The Fantasy Sports Association (FSA) is a trade group that was found in 2006 to advance the interests of the fantasy sports industry.  It folded in 2010, leaving the Fantasy Sports Trade Association as the industry's only trade group.

Mission
The association is charged with promoting the fantasy sports industry, providing consulting services to its members, and strategic advice to organizations interested gaining value from fantasy sports.
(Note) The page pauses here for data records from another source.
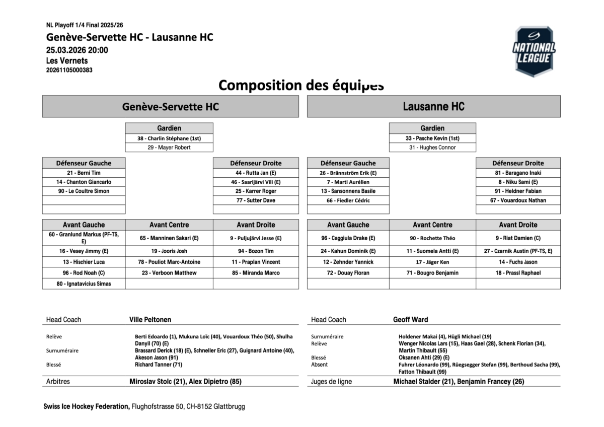 Le dernier tiers débute sur les mêmes bases: Genève tente de renverser la vapeur, mais l’énergie s’effrite au fil des minutes. Kevin Pasche, impérial dans la cage vaudoise, ferme la porte avec autorité. Et lorsque Iñaki Baragano trouve l’ouverture à cinq minutes du terme, l’issue ne fait plus de doute. La fin de match dégénère légèrement. Tensions, pénalités en cascade, nerfs qui lâchent: le GSHC perd aussi le fil émotionnel. Un but en powerplay encorene change rien à l’affaire, d’autant que Lausanne réplique immédiatement pour sceller définitivement le score. Avec ce succès maîtrisé (2-5), Lausanne réussit le coup parfait à l’extérieur. Les Lions prennent l’avantage dans la série et renversent la pression.
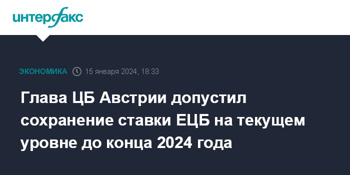 Глава ЦБ Австрии допустил сохранение ставки ЕЦБ на текущем уровне до конца 2024 года
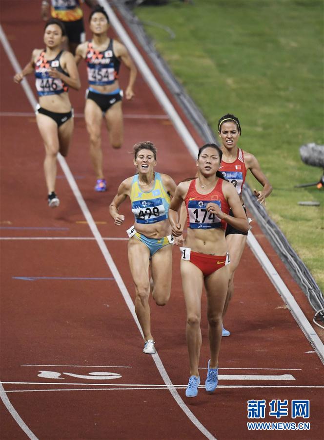 8月28日,中国选手王春雨(前)在比赛中。 当日,在第18届亚运会田径女子800米决赛中,中国选手王春雨以2分01秒80的成绩夺冠。 新华社记者黄宗治摄
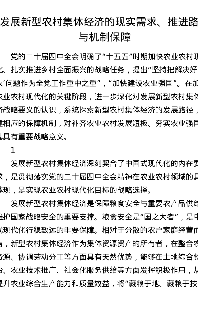 发展新型农村集体经济的现实需求、推进路径与机制保障
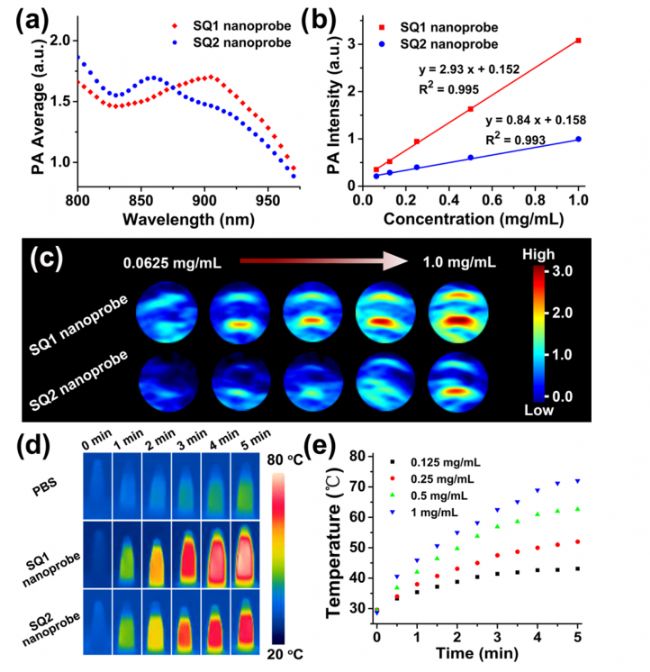如NIR-II和PA成像所示,SQ1納米探針可以很好地累積到MDA-MB-231腫瘤中,這主要是由于SQ1納米探針的有效主動(dòng)靶向,而SQ1@DSPE通過被動(dòng)靶向攝入腫瘤。這些結(jié)果表明SQ1納米探針具有顯著的腫瘤靶向成像能力。NIR-II/PA雙峰成像顯示靶向肽修飾的SQ1納米探針可以特異性結(jié)合纖連蛋白陽性乳腺癌腫瘤。這清楚地表明SQ1納米探針可以準(zhǔn)確地檢測(cè)和表達(dá)纖維連接蛋白陽性乳腺癌的腫瘤病變。
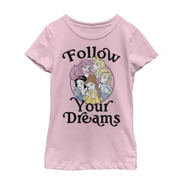 Follow Your Dreams Little & Big Kid Girls Crew Neck Short Sleeve Slim Fit Princess Graphic T-Shirt

Like other industry trade associations, the FSA focuses on:
 increasing the economic value of the industry
 growing the number of participants, sponsors, products, and services
 conducting industry research
 operating industry conferences 
 lobbying for the industry 

The FSA's mission is similar to the mission of the Fantasy Sports Trade Association, which was founded in 1999.

Members

The association was founded in 2006 by major fantasy sports industry players including:  America Online, CBS Sports, EA Sports, ESPN, Krause (NFFC), Fanball, World Championship of Fantasy Football, Fantasy Sports Ventures, Fox Sports Interactive Media, FS Dashboard, Head2Head, LiveHive Systems, NBA, NBC Sports Digital, NFL, PGA Tour, PLAYERS INC, Pro Trade, Sporting News, STATS, Inc., and Yahoo!.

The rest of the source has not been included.